More than 150,000 adult in-hospital cardiac arrests (CAs) occur in the United States each year, with up to half occurring outside of intensive care settings.1,2 Mortality for these patients is > 80%, but there is evidence to suggest that some of these deaths may be preventable.1,3 Rapid response teams (RRTs) were created to decrease adverse outcomes by bringing critical care resources to deteriorating patients on the hospital wards. However, results have been mixed, with some studies demonstrating benefit but others showing no improvement in mortality and hospital-wide CA rates.46

A major cited weakness of the RRT is the failure to identify patients in sufficient time to intervene prior to CA.79 For example, in the Medical Emergency Response Intervention Trial (MERIT), the only multicenter randomized trial of RRTs, most patients were identified < 15 min before CA, death, or ICU transfer.6,7 Furthermore, the criteria used to activate the intervention had a sensitivity < 50%.6,7 Currently, there are > 50 different published criteria designed to detect physiologic decline and activate the RRT, and each use varying vital sign combinations.10,11 However, these criteria, including the frequently described Modified Early Warning Score (MEWS) (Fig 1),1214 are based on expert opinion rather than being derived using ward vital signs, and most have not been scientifically validated.

Figure Jump LinkFigure 1. Modified Early Warning Score (MEWS). Unresp = Unresponsive.Grahic Jump Location

It is unknown whether further optimization of vital sign selection and thresholds would improve rapid response systems or whether vital sign changes occur too late in the course of physiologic deterioration to alter outcomes. To address these gaps in knowledge, we investigated the accuracy of the MEWS and of vital signs routinely collected on the wards, including systolic and diastolic BP, pulse pressure, heart rate, respiratory rate, oxygen saturation, mental status, and temperature, for predicting CA on the wards. We also evaluated the MEWS at different time points prior to CA to determine when the vital signs of these patients begin to differ significantly from other patients on the ward.

Study Setting and Population

We conducted a retrospective nested case-control study at an academic, tertiary care hospital with approximately 500 inpatient beds grouped by clinical service. Our hospital has had an RRT in place since 2008 that is led by a critical care nurse and respiratory therapist with consultation from a hospitalist physician and/or pharmacist upon request. The RRT activation criteria include “tachypnea,” “tachycardia,” “hypotension,” and “staff worry,” but specific vital sign thresholds are not stated. This team is separate from the team that responds to a CA.
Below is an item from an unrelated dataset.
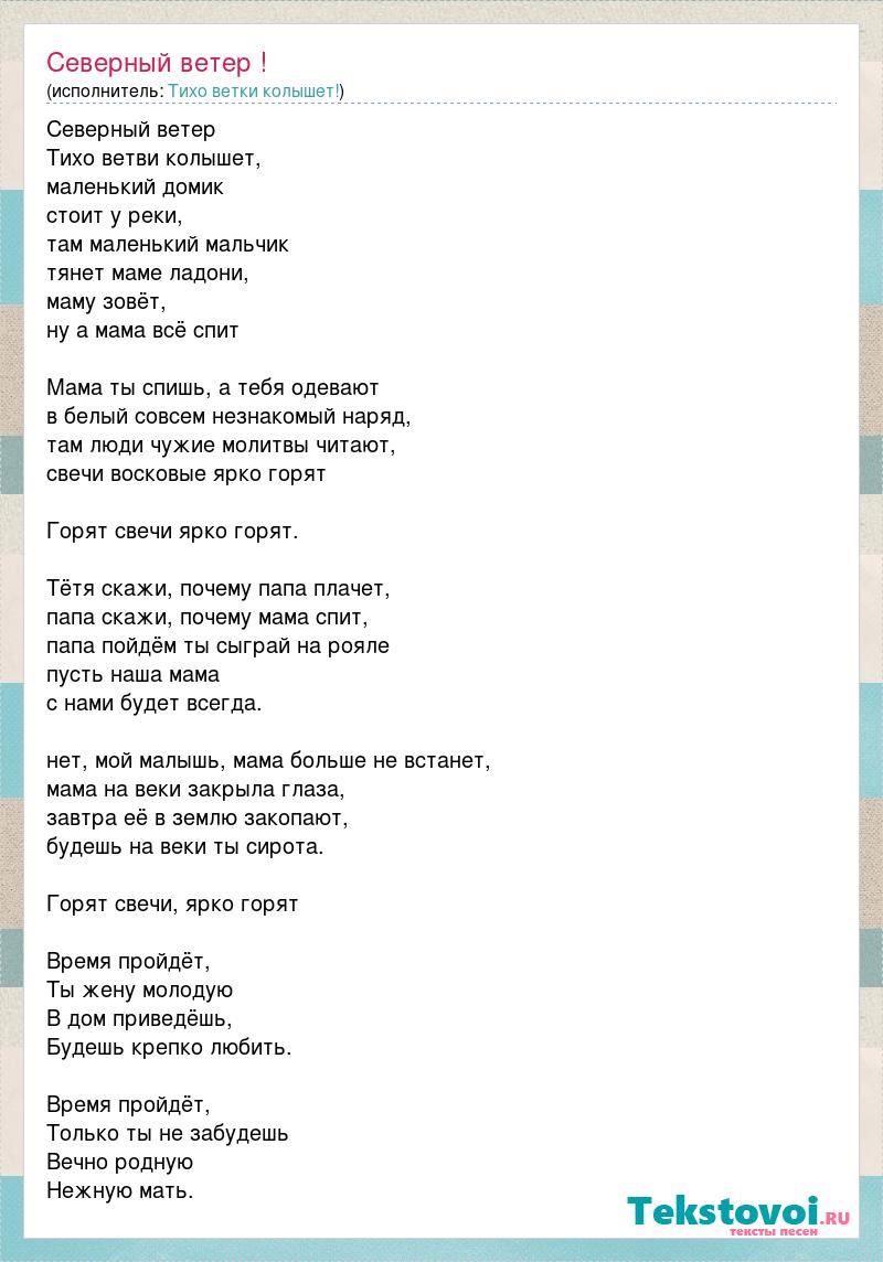 Северный ветер Тихо ветви колышет, маленький домик стоит у реки, там маленький мальчик тянет маме ладони, маму зовёт, ну а мама всё спит Мама ты спишь, а тебя одевают в белый совсем незнакомый наряд, там люди чужие молитвы читают, свечи восковые ярко горят Горят свечи ярко горят. Тётя скажи, почему папа плачет, папа скажи, почему мама спит, папа пойдём ты сыграй на рояле пусть наша мама с нами будет всегда. нет, мой малышь, мама больше не встанет, мама на веки закрыла глаза, завтра её в землю закопают, будешь на веки ты сирота. Горят свечи, ярко горят Время пройдёт, Ты жену молодую В дом приведёшь, Будешь крепко любить. Время пройдёт, Только ты не забудешь Вечно родную Нежную мать.

Cases were consecutive adult patients who experienced a CA, defined as the loss of a palpable pulse with attempted resuscitation, on the ward between November 1, 2008, and January 31, 2011. All patients residing on the same ward at the time (T0) of the case patient’s CA were eligible to be control subjects. Four control subjects were then selected for each case patient using a random number generator.

Case patients were identified using a prospectively collected and verified CA quality improvement database. Our process of data collection on patients who had a CA has been previously described.1517 Briefly, trained data abstractors are paged concurrently with the CA response team, and follow-up within 48 h of the event to download the transcripts for every resuscitation on our hospital wards and ICUs. Each transcript is then reviewed and cross-referenced with the medical record to verify that those classified as having a true CA did indeed have a loss of pulse with attempted resuscitation. Patients were excluded if they had no ward vital signs in the 48 h prior to T0. If a case patient had more than one CA on the ward during the hospitalization, only the first event was included.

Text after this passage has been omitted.